Пути доставки неизменны и строго контролируются. То, что не распродано в течение дня, уходит задешево. Бедняки не едят до темноты и закрытия рынков.
До некоторых пор все идет хорошо, но, когда случается недород – в 1770, 1772 и 1774-м, – цены неумолимо ползут вверх. Осенью 1774-го четырехфунтовый хлеб стоит в столице одиннадцать су, но уже следующей весной цена вырастет до четырнадцати. Между тем оплата труда остается прежней. Строительные рабочие всегда готовы отстаивать свои права, а равно ткачи, переплетчики и шляпники (бедняги), однако протестовать они будут, скорее опасаясь снижения оплаты, чем добиваясь ее повышения. Не забастовки, но хлебные бунты – последнее прибежище городского рабочего люда, поэтому температура воздуха и количество осадков над дальними хлебными полями напрямую связаны с головной болью начальника городской полиции.

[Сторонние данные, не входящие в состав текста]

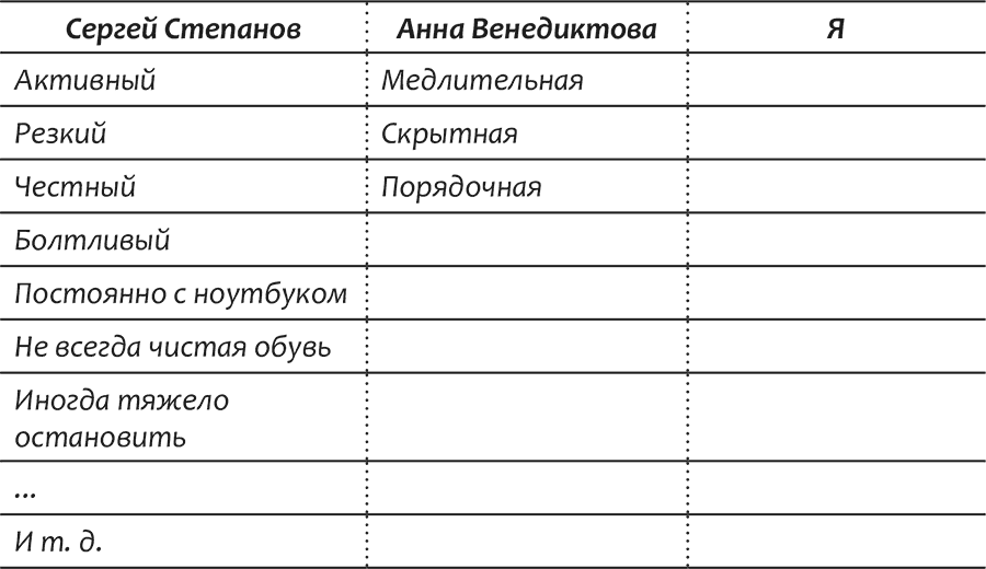 2) В верхней строке первых двух колонок впишите имена двух ваших знакомых. Заполняйте и выписывайте все характеристики, которые придут на ум.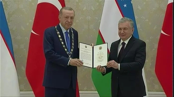 Bu nişanı ülkelerimiz arasındaki ezeli ve ebedi kardeşliğin güçlü bir sembolü olarak kabul ediyorum. Tabii kendisiyle ilk tanıştığım andan itibaren özellikle İmam Buhari'den birçok başlıkları tarafıma naklettiğinde ben hakikaten Şevket Mirziyoyev kardeşime farklı bir muhabbet beslemiştim. Tabii şimdi İmam Buhari adına üniversitenin burada kuruluyor olması gerçekten İslam dünyasına da çok farklı bir mesaj olacaktır. Bugün zaten bir heyet Türkiye'den oğlum da dahil olmak üzere İbn-i Haldun Üniversitesi'nden arkadaşlar Taşkent'e gelmişler, orada çalışma yapmışlardır. Önce insan anlayışıyla gerçekleştirilen bu reformlarla devlet adamlığını gösteren aziz kardeşim Şevket Mirziyoyev'e bu nişan vesilesiyle şükranlarımı sunuyorum.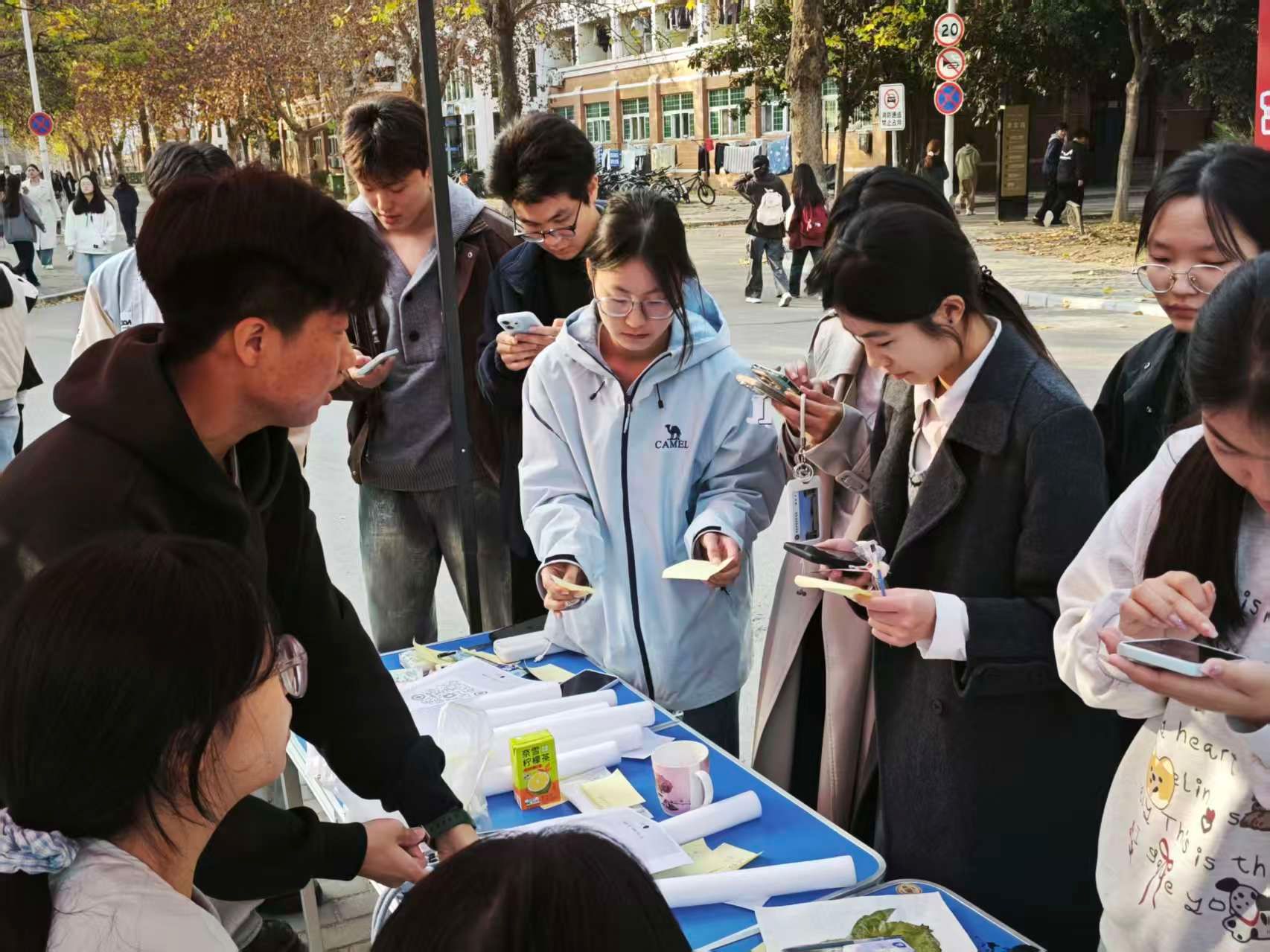 活动现场氛围热烈,同学们纷纷带来书籍、文具、饰品等闲置物品。活动以“旧物+故事”为核心形式:参与者需在便签上标注闲置物品的背后意义或经历,或者写下暖心祝福,将闲置物品转化为承载心意的“情感载体”。从备考笔记到社团纪念摆件,每件旧物都成了青春故事的体现。而拿到旧物的同学,也收获了满溢的感动:有人翻开挑选到的专业书籍,扉页上实用的学习批注让其感叹“像收到一份贴心的‘学习指南’,比全新书籍更有参考意义”;有人拿起心仪的手工饰品,读到卡片上关于物品创作的温馨回忆时表示,“仿佛透过这件小物件感受到了陌生人的心意,每次看到都觉得很温暖”;还有人选中一本闲置手账,里面记录的日常感悟让其直言“像是意外收到了一份成长礼物,能从文字里获得治愈的力量”。

Как только возникает дефицит пшеницы, люди кричат: «Они сговорились! Морят нас голодом!» Клянут спекулянтов и перекупщиков. Мельники, утверждают они, задумали извести замочных мастеров, шляпников, переплетчиков вместе с их детьми. В семидесятых годах сторонники экономической реформы разрешат свободную торговлю зерном, чтобы самые бедные области страны могли состязаться на свободном рынке, но небольшой хлебный бунт или два – и государство вновь возьмет все под контроль. В 1770 году аббат Терре, генеральный контролер финансов, очень быстро вернул регулируемые цены, пошлины и запрет на перевозку зерна. Он никого не спрашивал, а действовал согласно королевскому указу. «Деспотизм!» – кричали те, кто сегодня ел.
Все начинается с хлеба, он основа всех теорий, пища для всех рассуждений о том, что сулит будущее. Через пятнадцать лет, в день, когда падет Бастилия, цена на хлеб в Париже будет самой высокой за последние шестьдесят лет. Через два десятилетия (когда все будет кончено) одна парижанка скажет: «При Робеспьере кровь лилась рекой, зато у людей был хлеб. Возможно, ради хлеба и стоило пролить немного крови».
Король назначил генеральным контролером финансов некоего Тюрго, сорока восьми лет, человека нового, рационалиста, сторонника принципа невмешательства. Он кипел энергией, брызгал идеями, его переполняли замыслы реформ, которые, по его словам, уберегут страну от погибели. Тюрго воображал себя героем дня и прежде всего задумал урезать содержание двора. Версаль был потрясен. Один из придворных, Мальзерб, посоветовал новому министру вести себя осмотрительнее, иначе наживет врагов.
– Народ нуждается, – резко ответил Тюрго, – а что до меня, то в моем семействе все умирают в пятьдесят.
Весной 1775 года волнения прокатились по рыночным городам, особенно в Пикардии. В Версале восемь тысяч горожан собрались у дворца и стояли, с надеждой всматриваясь в королевские окна. Как обычно, люди полагали, что личное вмешательство короля спасет положение. Интендант Версаля пообещал, что цена на пшеницу будет заморожена. Нового короля уговорили обратиться с балкона к народу. После чего народ мирно разошелся.
В Париже толпы грабили булочников на левом берегу Сены. Полиция произвела несколько арестов, стараясь не нагнетать обстановку и избегать открытых столкновений. Было предъявлено сто шестьдесят два обвинения. Двух мародеров, одному из которых исполнилось шестнадцать, повесили на Гревской площади одиннадцатого мая в три пополудни. Чтобы другим было неповадно.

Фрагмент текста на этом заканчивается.